Kedua, sistem meso yang merupakan hubungan di antara
mikro sistem, misalnya hubungan pengalaman-pengalaman yang didapatkan di dalam
keluarga dengan pengalaman di sekolah atau pengalaman dengan teman
sebaya.
Ketiga, sistem exo yang menggambarkan pengalaman dan
pengaruh dalam setting sosial yang berada di luar kontrol aktif tetapi memiliki
pengaruh langsung terhadap perkembangan anak,seperti,pekerjaan orang tua
dan media massa.
Keempat, sistem makro yang merupakan budaya di mana
individu hidup, seperti : ideologi, budaya, sub-budaya atau strata sosial
masyarakat.
Kelima, sistem chrono yang merupakan gambaran kondisi kritis transisional (kondisi sosio-historik). Keempat sistem pertama harus mampu dioptimalkan secara sinergis dalam pengembangan berbagai potensi anak sehingga dibutuhkan pola pengasuhan, pola pembelajaran, pola pergaulan termasuk penggunaan media massa, dan pola kebiasaan (budaya) yang koheren dan saling mendukung.

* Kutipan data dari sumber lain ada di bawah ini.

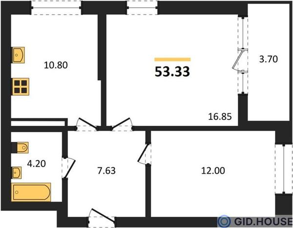 2-комнатная53,33 м²Ростовская область, Ростов-на-Дону, Октябрьский, улица Нансена, 83
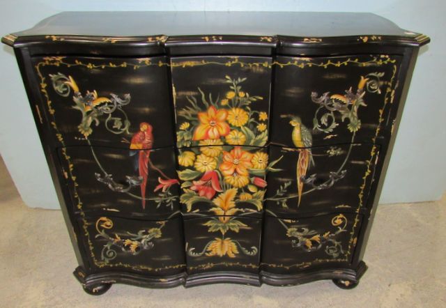 Machine painted and floral design, top drawer needs some adjusting, 42"h., 49"w. Machine painted and floral design, top drawer needs some adjusting, 42"h., 49"w.

Proses sosialisasi pada anak secara umum
melalui 4 fase, yaitu:
1) Fase Laten (Laten Pattern), pada fase
ini proses sosialisasi belum terlihat jelas. Anak belum merupakan kesatuan
individu yang berdiri sendiri dan dapat melakukan kontak dengan lingkungannya.
Pada fase ini anak masih dianggap sebagai bagian dari ibu,dan anak pada fase
ini masih merupakan satu kesatuan yang disebut “two persons system”.
2) Fase Adaptasi (Adaption), pada fase
ini anak mulai mengenal lingkungan dan memberikan reaksi atas
rangsangan-rangsangan dari lingkungannya. Orangtua berperan besar pada
fase adaptasi, karena anak hanya dapat belajar dengan baik atas bantuan
dan bimbingan orangtuanya.
3) Fase Pencapaian Tujuan (Goal
Attainment), pada fase ini dalam sosialisasinya anak tidak hanya sekadar
memberikan umpan balik atas rangsangan yang diberikan oleh lingkungannya, tapi
sudah memiliki maksud dan tujuan. Anak cenderung mengulangi tingkah laku
tertentu untuk mendapatkan pujian dan penghargaan dari lingkungannya.
4) Fase Integrasi (Integration), pada fase ini tingkah laku anak tidak lagi hanya sekadar penyesuaian (adaptasi) ataupun untuk mendapatkan penghargaan, tapi sudah menjadi bagian dari karakter yang menyatu dengan dirinya sendiri.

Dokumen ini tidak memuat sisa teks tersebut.